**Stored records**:
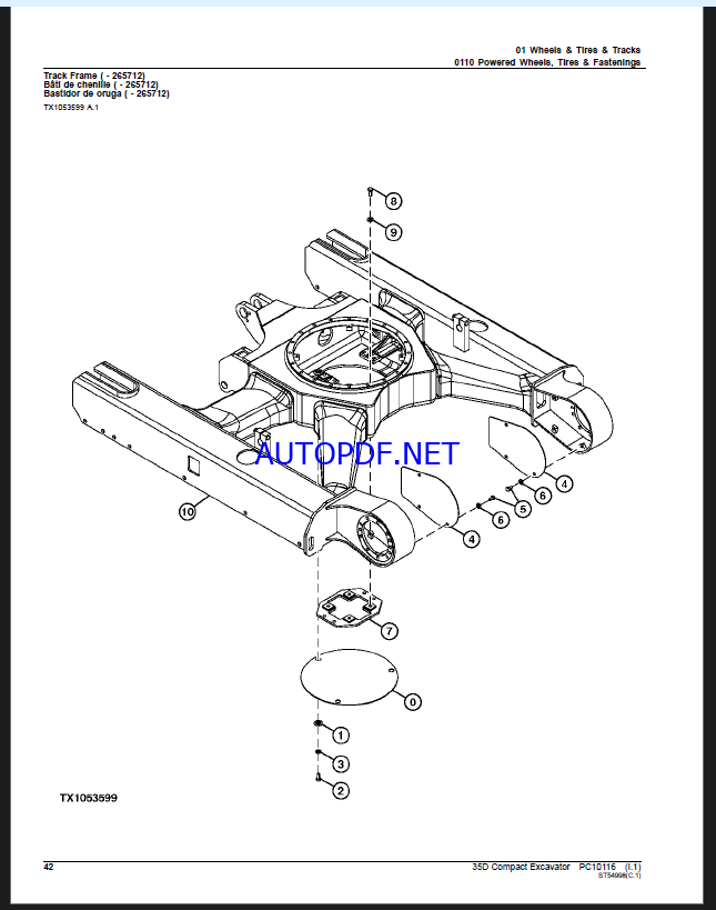 John Deere 35D Compact Excavator Parts Catalog (PC10116)
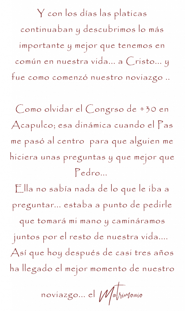 Dios les ha permitido juntar sus vidas, con un propósito crecer a su imagen, Él sabía perfectamente lo que ustedes necesitaban. Le quiero dar muchas gracias a Dios por la vida de mi amiga y por qué Dios le puso en su camino justo a la persona que ella necesitaba, a Pedro. Su historia dice que fue un bello camino y que finalmente Dios les ha permitido llegar a este momento.
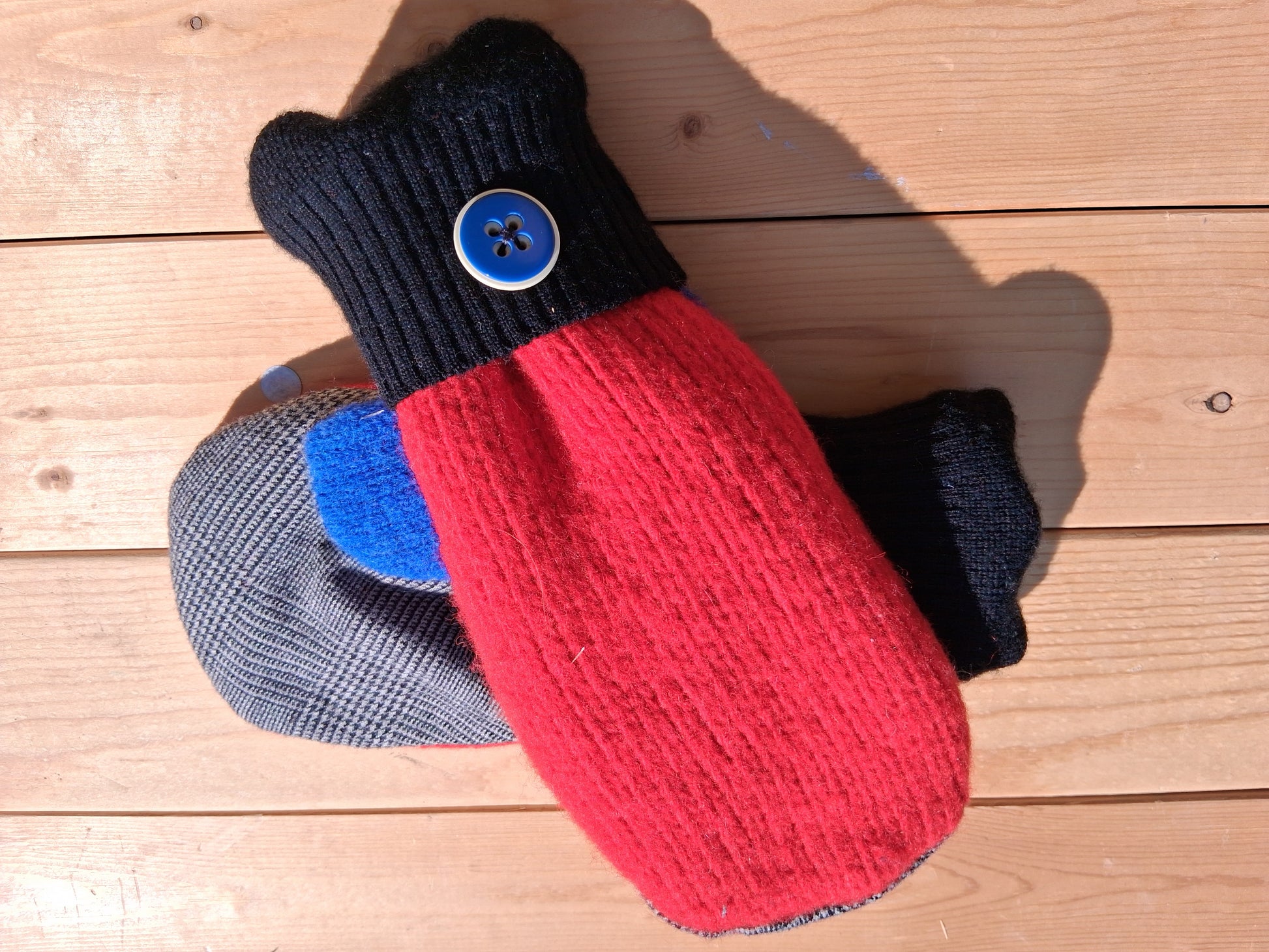 These mittens are made with 100% felted wool from recycled materials and lined with soft fleece. They are made to withstand the coldest weather and last for years.
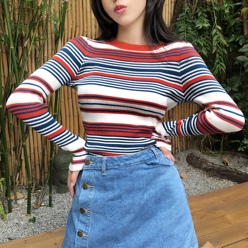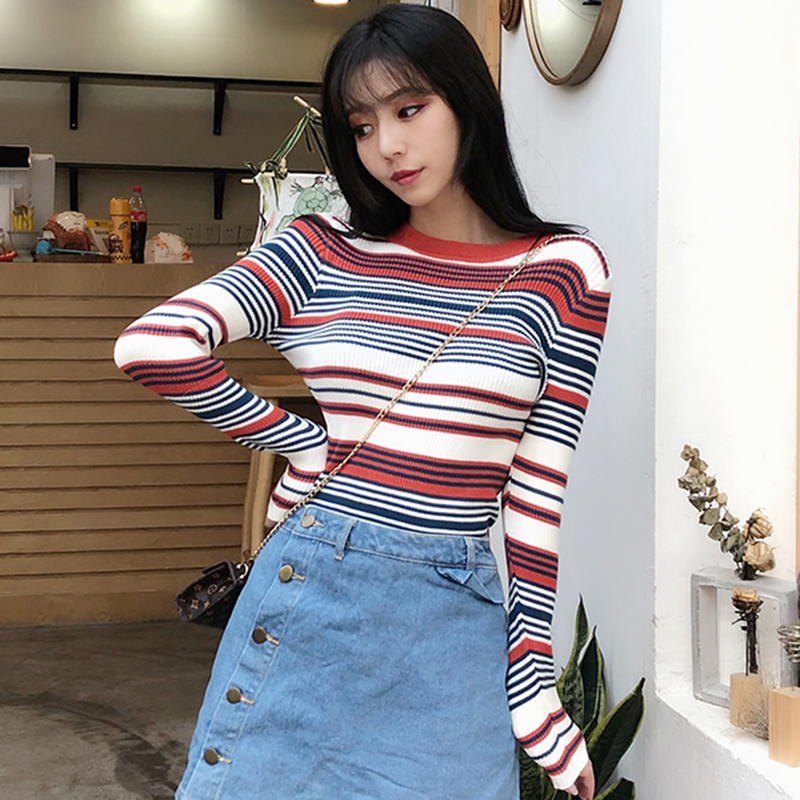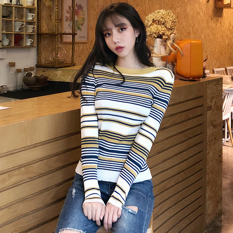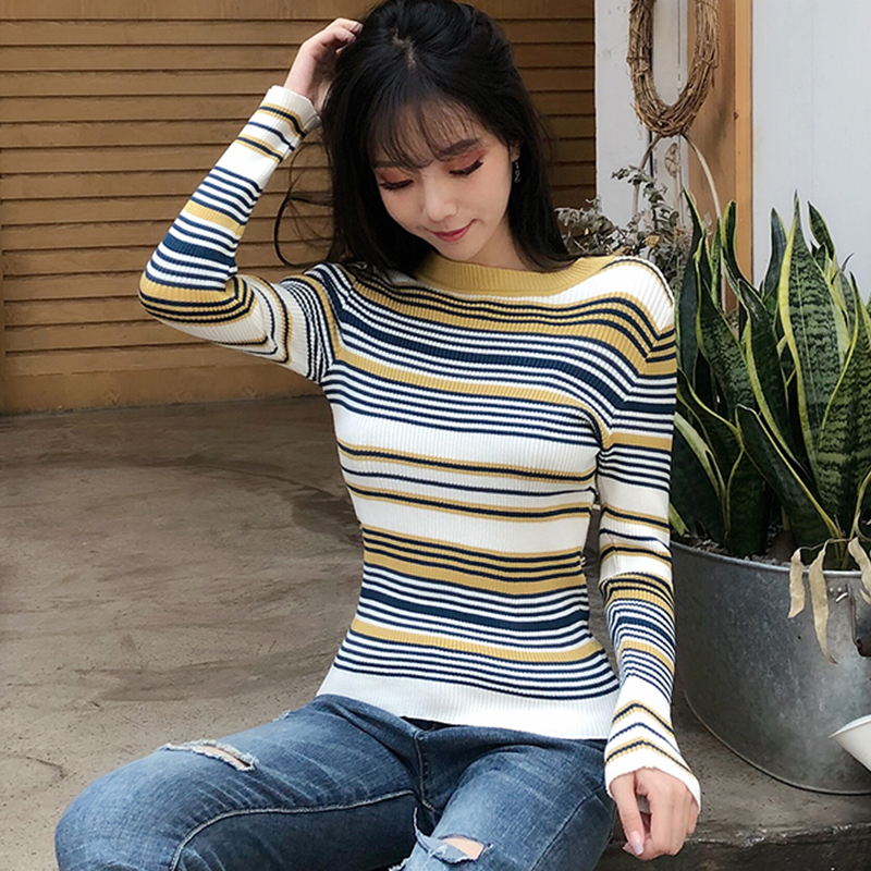 氣質修身外穿打底毛衣女秋冬裝2018新款chic風撞色條紋長袖針織衫
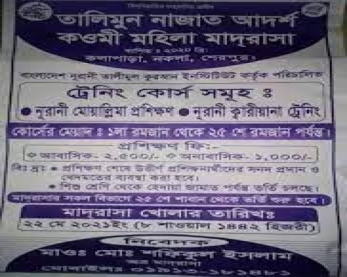 | আলেমা উম্মে হাবিবা | শিক্ষিকা, তালীমুন নাজাত মহিলা মাদরাসা, কলাপাড়া, নকলা, শেরপুর। | প্রশিক্ষিকা |
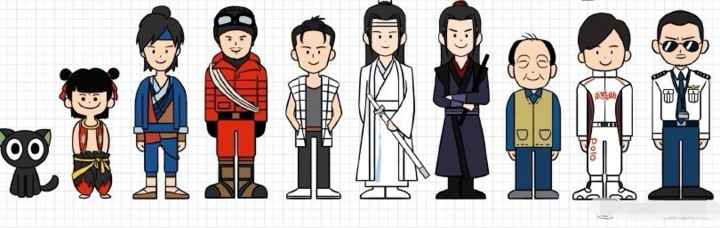 这些人物中包括了哪吒、小北、蓝忘机、魏无羡、苏大强等,他们有的来自动画片,有的来自青春片,有的来自仙侠剧,有的来自生活剧,年龄横跨老、中、青、幼,甚至还有小动物。
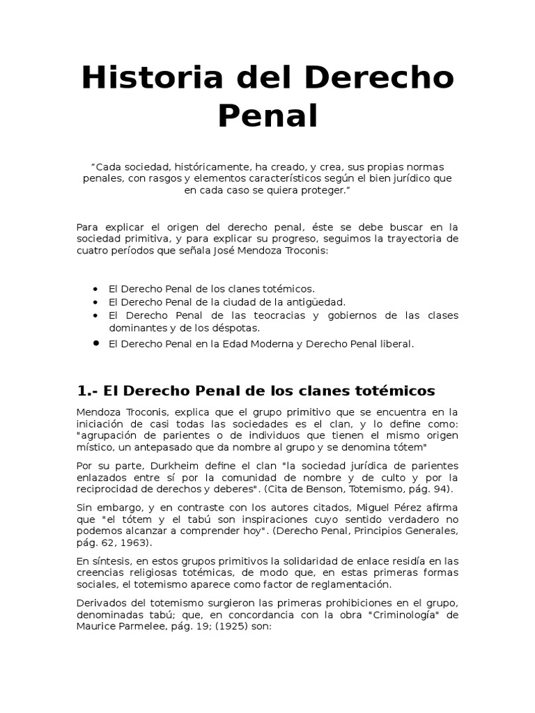 El Derecho Penal en la Edad Moderna y Derecho Penal liberal.
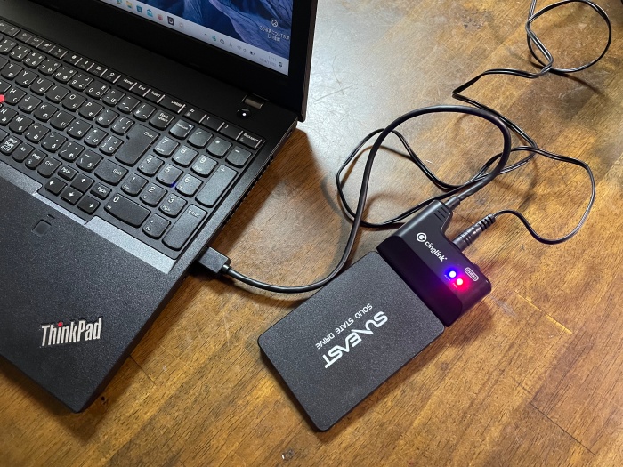 このケースのレビューを見てみると、認識しないとの意見が数件ありました。やはり安物はダメかと思ったのですが、別の接続方法で繋げてみてもダメ。

**Problem details**:
Set down exactly the lines between the line containing "氣質修身外穿打底毛衣女秋冬裝2018新款chic風撞色條紋長袖針織衫" and the end of the records above, both ends included; pictures stay out.

**Answer for the task**:
 氣質修身外穿打底毛衣女秋冬裝2018新款chic風撞色條紋長袖針織衫
 | আলেমা উম্মে হাবিবা | শিক্ষিকা, তালীমুন নাজাত মহিলা মাদরাসা, কলাপাড়া, নকলা, শেরপুর। | প্রশিক্ষিকা |
 这些人物中包括了哪吒、小北、蓝忘机、魏无羡、苏大强等,他们有的来自动画片,有的来自青春片,有的来自仙侠剧,有的来自生活剧,年龄横跨老、中、青、幼,甚至还有小动物。
 El Derecho Penal en la Edad Moderna y Derecho Penal liberal.
 このケースのレビューを見てみると、認識しないとの意見が数件ありました。やはり安物はダメかと思ったのですが、別の接続方法で繋げてみてもダメ。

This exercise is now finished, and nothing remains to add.